In some embodiments, the patient is a hypometabolizing group of cytochrome P450 2D6 (CYP2D6). In certain embodiments, the patient has a CYP2D6 hypometabolism group genotype. In certain embodiments, the CYP2D6 hypometabolism group genotype is selected from the CYP2D6G1846A genotype or the CYP2D6C100T genotype. In certain embodiments, the CYP2D6 hypometabolism group genotype is one of the CYP2D6G1846A (AA) genotype or the CYP2D6G1846A (AG) genotype. In certain embodiments, the CYP2D6 hypometabolism group genotype is the CYP2D6G1846A (AA) genotype. In certain embodiments, the CYP2D6 hypometabolism group genotype is one of the CYP2D6C100T (TT) genotype or the CYP2D6C100T (CT) genotype. In certain embodiments, the CYP2D6 hypometabolism group genotype is the CYP2D6C100T (TT) genotype. In some embodiments, patients with the CYP2D6 hypometabolism group genotype receive about 40 mg of valbenazine free base once daily.

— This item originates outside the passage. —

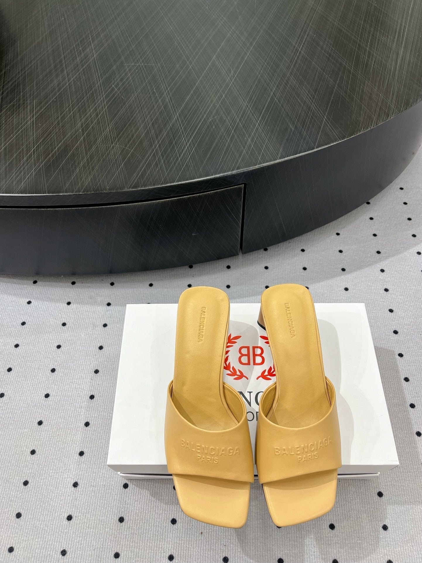 SQUARE-TOE MEDIUM HEEL MULES IN APACHE CALFSKIN LOGO EMBOSSED

In some embodiments, administration to patients in the low metabolism group of CYP2D6 is (+)-α-3-isobutyl-9,10-dimethoxy-1,3,4,6,7,11b-hexahydro-. 2H-Pirido [2,1-a] results in increased exposure to isoquinoline-2-ol. In some embodiments, administration to a patient in the low metabolism group of CYP2D6 results in an increased risk of one or more clinically significant Parkinson-like signs or symptoms. In some embodiments, administration to a patient in the low metabolism group of CYP2D6 results in a patient QT interval prolongation. In certain embodiments, the therapeutically effective amount is less than the amount administered to patients who are not in the CYP2D6 hypometabolism group. In certain embodiments, the therapeutically effective amount is the same as the amount administered to a patient who is not in the CYP2D6 hypometabolism group.

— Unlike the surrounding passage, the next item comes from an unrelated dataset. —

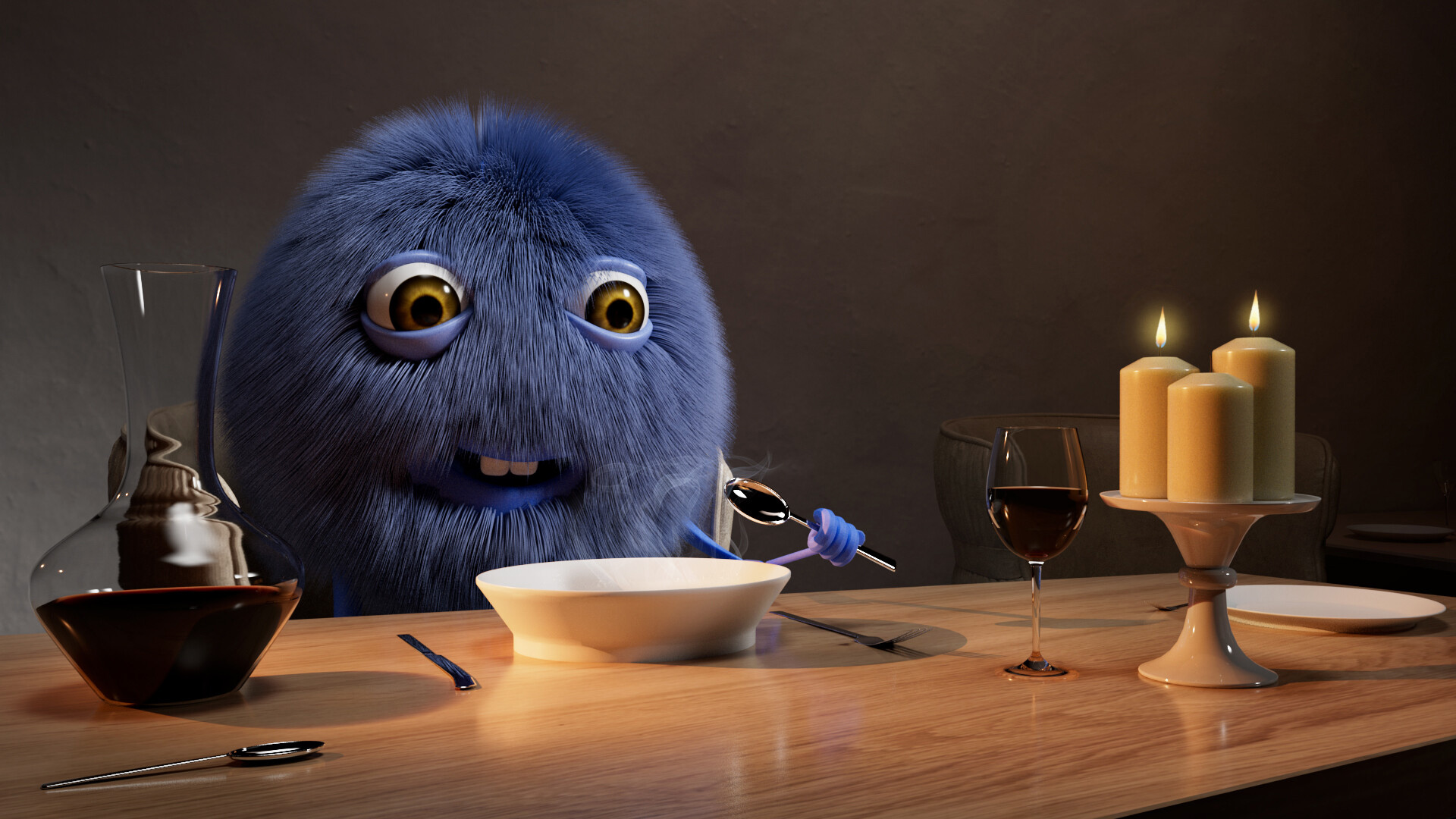 - Background Light: A very soft light illuminating the wall behind. Remember not to increase its intensity a lot since the main focus is on the table.

The choice of excipient depends largely on factors such as the particular mode of administration, the effect of the excipient on the solubility and stability of the active ingredient, and the nature of the dosage form.

The pharmaceutical compositions provided herein may be provided in unit or multiple dosage forms. Unit dosage forms, as used herein, are suitable for administration to human and animal subjects and refer to physically separate units packaged individually as is known in the art. Each unit dose contains a predetermined amount of active ingredient sufficient to produce the desired therapeutic effect in connection with the required pharmaceutical carrier or excipient. Examples of unit dosage forms include ampoules, syringes and individually packaged tablets and capsules. The unit dosage form may be administered in part or in multiples thereof. Multiple dosage forms are multiple identical unit dosage forms packaged in a single container for administration in separate unit dosage forms. Examples of multiple dosage forms include vials, tablets or capsule bottles, or pint or gallon bottles.

The pharmaceutical compositions provided herein may be administered alone or in combination with one or more other compounds provided herein or one or more other active ingredients. .. The pharmaceutical compositions provided herein may be formulated in various dosage forms for oral, parenteral and topical administration. Pharmaceutical compositions also include delayed release, extended release, extended release, sustained release, pulsed release, controlled release, accelerated release and fast release, targeted release, programmed release and gastric retention. It may be formulated as a modified release dosage form, including the dosage form. These dosage forms may be prepared according to conventional methods and techniques known to those of skill in the art. The pharmaceutical compositions provided herein may be administered once or in multiple doses at time intervals. The exact dosage and duration of treatment may vary with the age, weight and condition of the patient being treated, empirically using known test protocols, or in vivo or in vitro studies or diagnostics. It is understood that it may be determined by extrapolation from the data. Further understanding that for any particular individual, the particular dosage regimen should be adjusted over time according to the individual's needs and the professional judgment of the person administering or monitoring the administration. Will be done.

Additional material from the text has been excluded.